The alarm went off at 4:45am on December 25th, 2009, but I had long been awake. My flight from JFK to LAX touched down nine hours earlier. I was tired, jet lagged, and anxious about the day ahead. I had that “first day of school” feeling. Mom fed the cat while my younger sister packed a cooler of refreshments for the day.
We took off in Mom’s car a little after 5:30am.
Usually, the family spent Christmases on the beach in Maui. Now we visited Dad in prison. Prison? How did this happen?
The trip to the maximum security Corcoran Prison clocked in at 3 hours. Having been turned away before, we called the prison visitor center hotline to make sure the inmates weren’t on lock-down.
Mom turned on the radio “To listen to traffic,” but it was really to drown out the silence. We drove by Magic Mountain and I remembered the Free Fall ride from my high school trip, dropping 50 stories in half a second and leaving my stomach back at the top. That’s how it felt driving to prison.
We made a pit stop at the county line in Bakersfield for one last restroom break: prison restrooms, even at the visitor center, typically had no toilet paper or soap. I’d seen Himalayan out houses that were cleaner.

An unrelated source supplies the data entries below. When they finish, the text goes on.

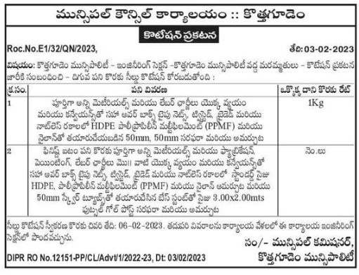 Tender for Municipal Council Office :: Kothagudem Statement of Quotation
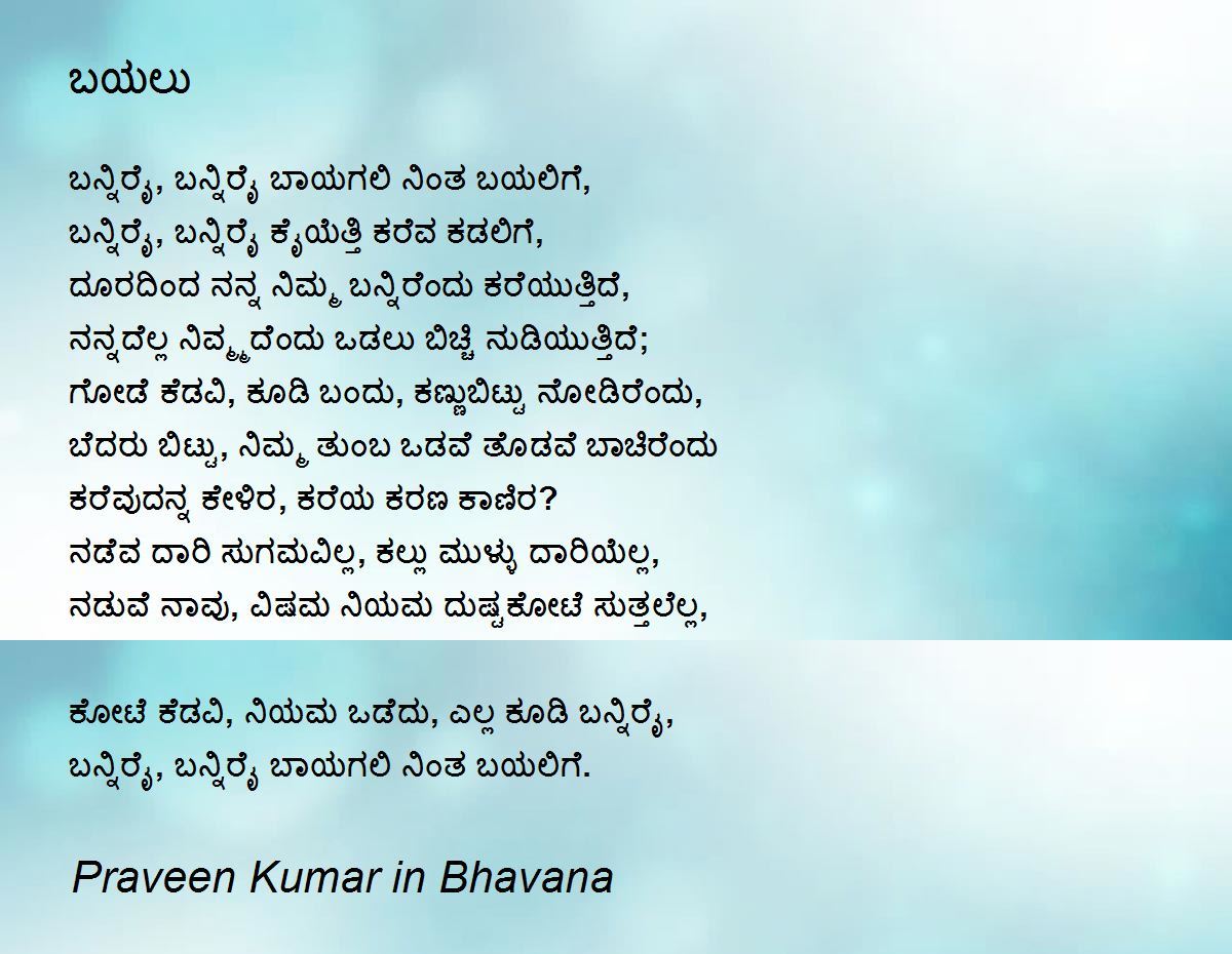 ನನ್ನದೆಲ್ಲ ನಿವ್ಮ್ಮದೆಂದು ಒಡಲು ಬಿಚ್ಚಿ ನುಡಿಯುತ್ತಿದೆ;
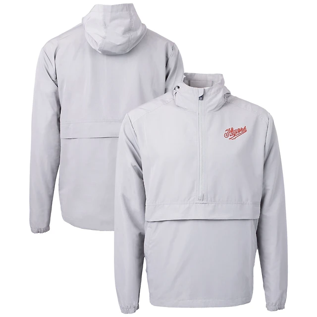 Men's Cutter & Buck Gray Dayton Flyers Vault Charter Eco Recycled Half-Zip Anorak Jacket

The only things visitors were allowed to bring in were money, an ID, car key and an unopened pack of tissues. Sometimes I smuggled gum in my bra. Dressing for prison was a constant costume conflict, and I had to come prepared with a suitcase of clothes in the car. I liked to dress for the holidays. Years prior, I rented an Easter Bunny costume and wore it to visit Dad in jail. Oh jail. Life was so simple then.